● **DATA RECORDS**:
_____

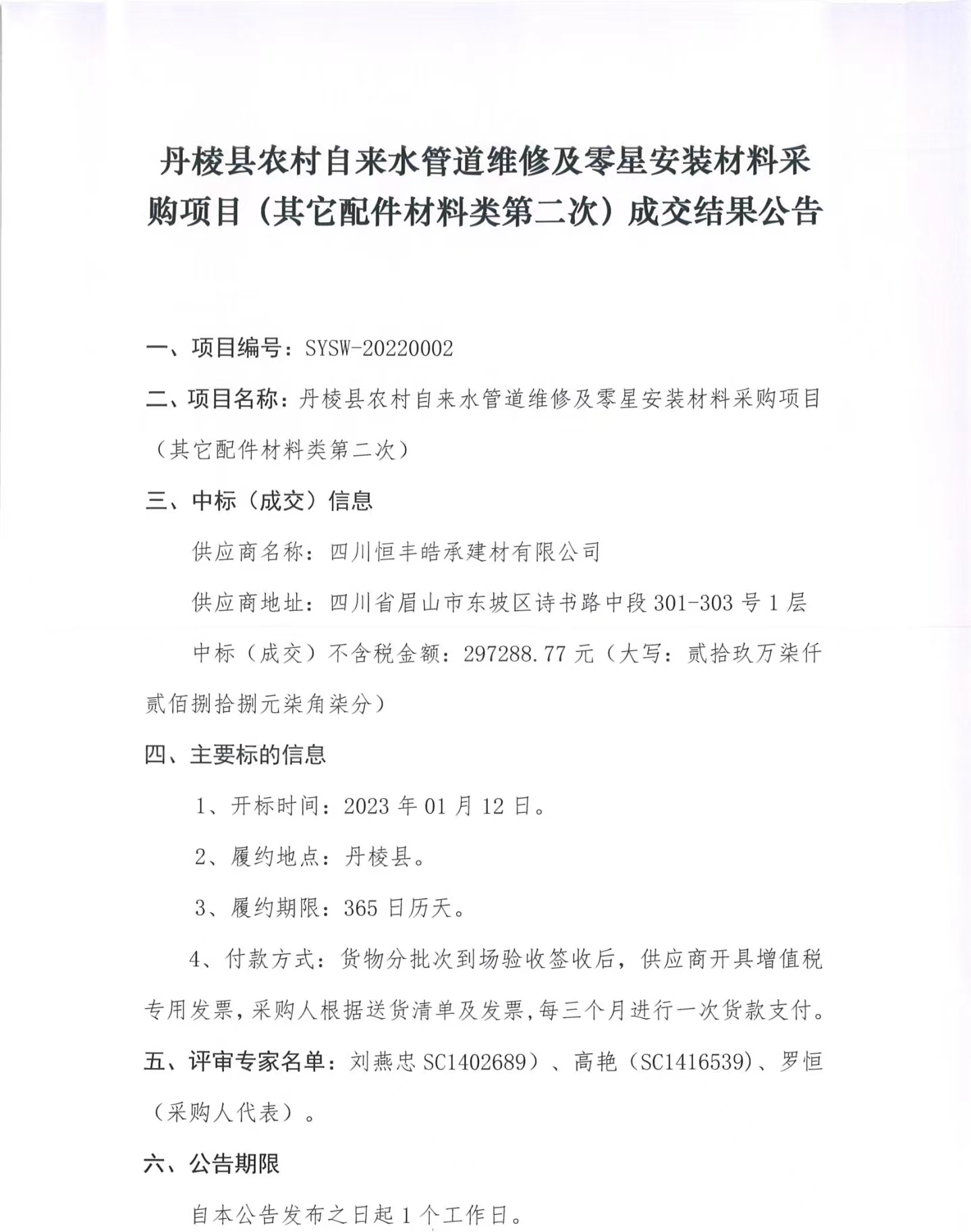 丹棱縣農(nóng)村自來水管道維修及零星安裝材料采購(gòu)項(xiàng)目(其它配件材料類第二次) 成交結(jié)果公告
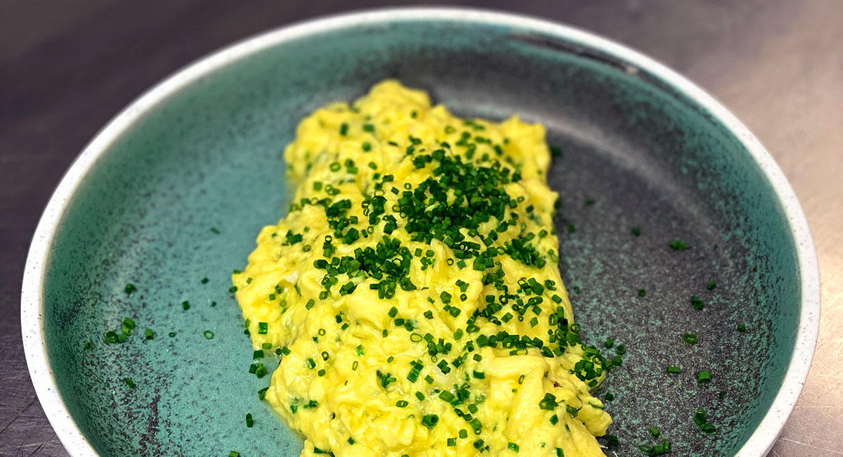 Trikset for å få en fløyelsmyk eggerøre er det samme som for omelett - varmekontroll! Pisk egget godt før du heller det i varm panne. Så drar du panna av varmen, og rører godt så egget ikke blir for varmt. Når eggerøren begynner å bli fast har du i en liten klatt smør og gressløk. Trekk panna tilbake over varmen og rør in smøret. Før røren setter seg helt trekker du panna igjen av varmen, og anretter det hele på tallerken.
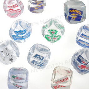 Logo-Eiswürfel kühlen Drinks, Früchte, Fisch usw. länger als Frisch-Eis (der Logowürfel wird mit destilliertem Wasser gefüllt), ohne die Getränke zu verwässern. Geschmacks und Geruchs neutral! Der Logo-Eiswürfel ist der erste glasklare Eiswürfel mit eingelegtem Markenlogo! Mit dem Logo-Eiswürfel erreichen Sie im Acrylkühler eine dauerhafte Flaschenkühlung von ca. 4 Stunden ohne lästiges Nachlegen von Frisch-Eis. Logo-Eiswürfel haben kein Abtropfwasser, darum können Sie auch bei Verletzungen problemlos kühlen. |
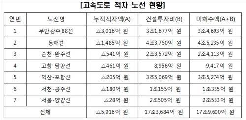 무안광주·88선의 누적 적자액은 3천16억원, 동해선 1천485억원, 순천-완주선 541억원, 고창-담양선 461억원, 익산-포항선 205억원, 서천-공주선 180억원, 서울-양양선 28억원을 기록했다.
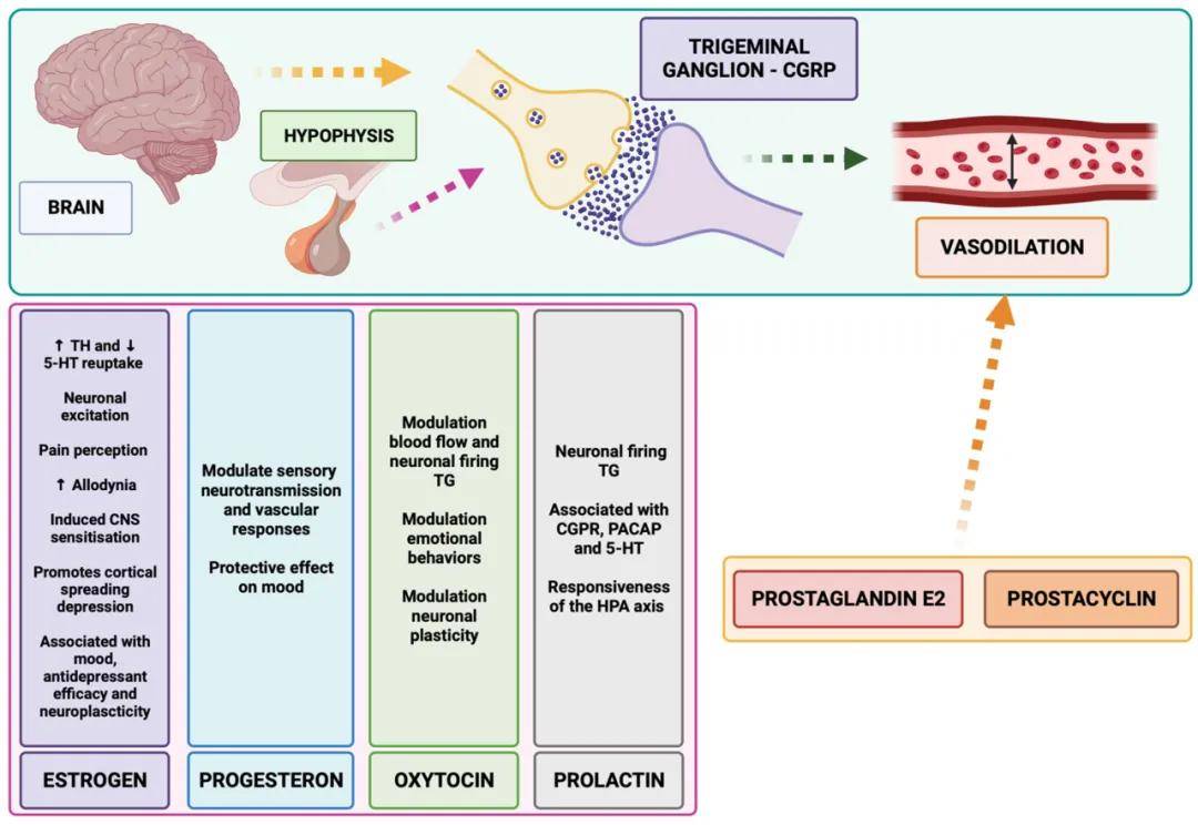性激素,主要是雌激素,与偏头痛和抑郁症有关。性激素的波动会影响女性的健康。雌激素与抗抑郁药的疗效之间存在密切关系,因为雌激素被认为可以促进血清素能信号传导,并与神经可塑性有关。此外,黄体酮是感觉神经传递和血管反应的关键调节剂,特别是在患有偏头痛和抑郁症的女性中。催乳素也是男性和女性偏头痛差异的关键因素,与偏头痛发作和情绪障碍的过程密切相关,可能成为偏头痛和抑郁症合并症的治疗靶点。这些发现的临床意义表明,雌激素状态可能对偏头痛和抑郁症合并症很重要,雌激素治疗或替代作为女性的药理学选择可能值得进一步探索 (图3)。
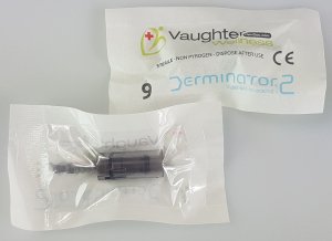 Derminator® 2 digital dermaneedling cartridge (9-needles). Needle diameter 0.15 mm. (38 SWG, 34½ AWG). Ethylene Oxide-sterilized. The needles are made of surgical steel and do not contain nickel. 100 years sterility is possible when that does not happen.
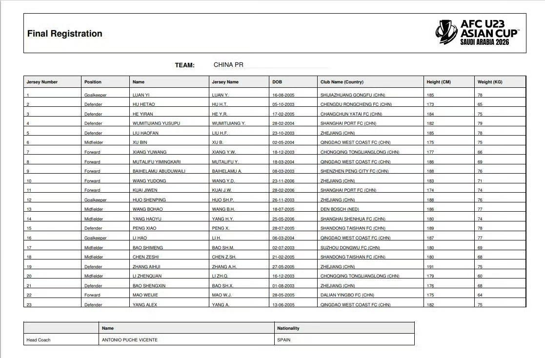 U23亚洲杯中国队23人名单公布
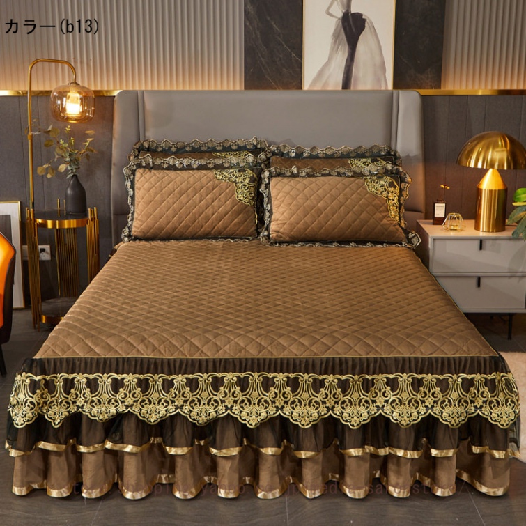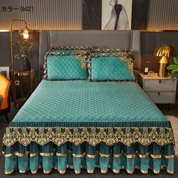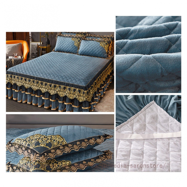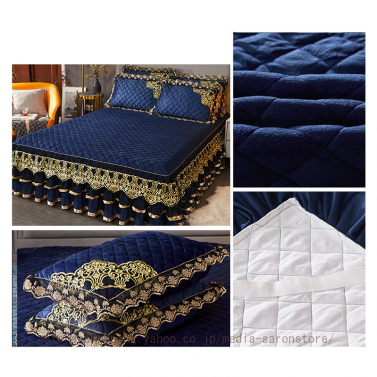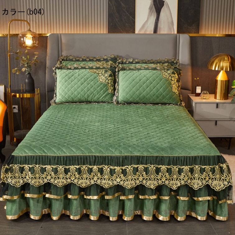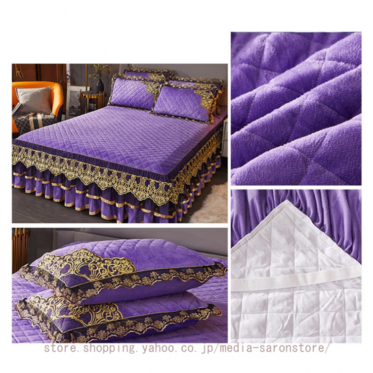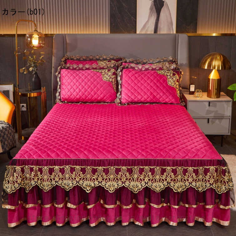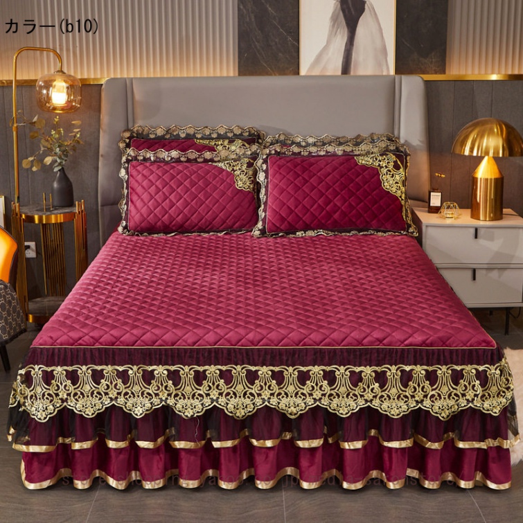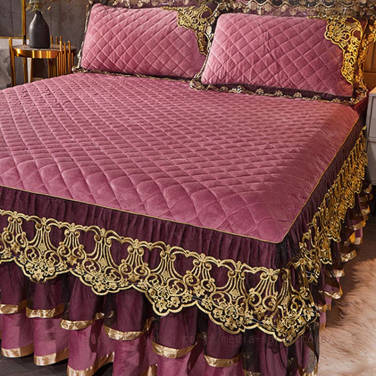 ベッドスカート 2点枕カバー 上品 フランネル キルティング 中綿 厚め ベッドカバー 秋冬 暖かい レース フリル 姫系 柔らか ダブル マットレスカバー

_____

● **TASK TO COMPLETE**: Would you copy, exactly, each line from the start of the listing above through the line with "Trikset for å", both ends included, but none of the pictures?

● **SOLVED PROBLEM**:
 丹棱縣農(nóng)村自來水管道維修及零星安裝材料采購(gòu)項(xiàng)目(其它配件材料類第二次) 成交結(jié)果公告
 Trikset for å få en fløyelsmyk eggerøre er det samme som for omelett - varmekontroll! Pisk egget godt før du heller det i varm panne. Så drar du panna av varmen, og rører godt så egget ikke blir for varmt. Når eggerøren begynner å bli fast har du i en liten klatt smør og gressløk. Trekk panna tilbake over varmen og rør in smøret. Før røren setter seg helt trekker du panna igjen av varmen, og anretter det hele på tallerken.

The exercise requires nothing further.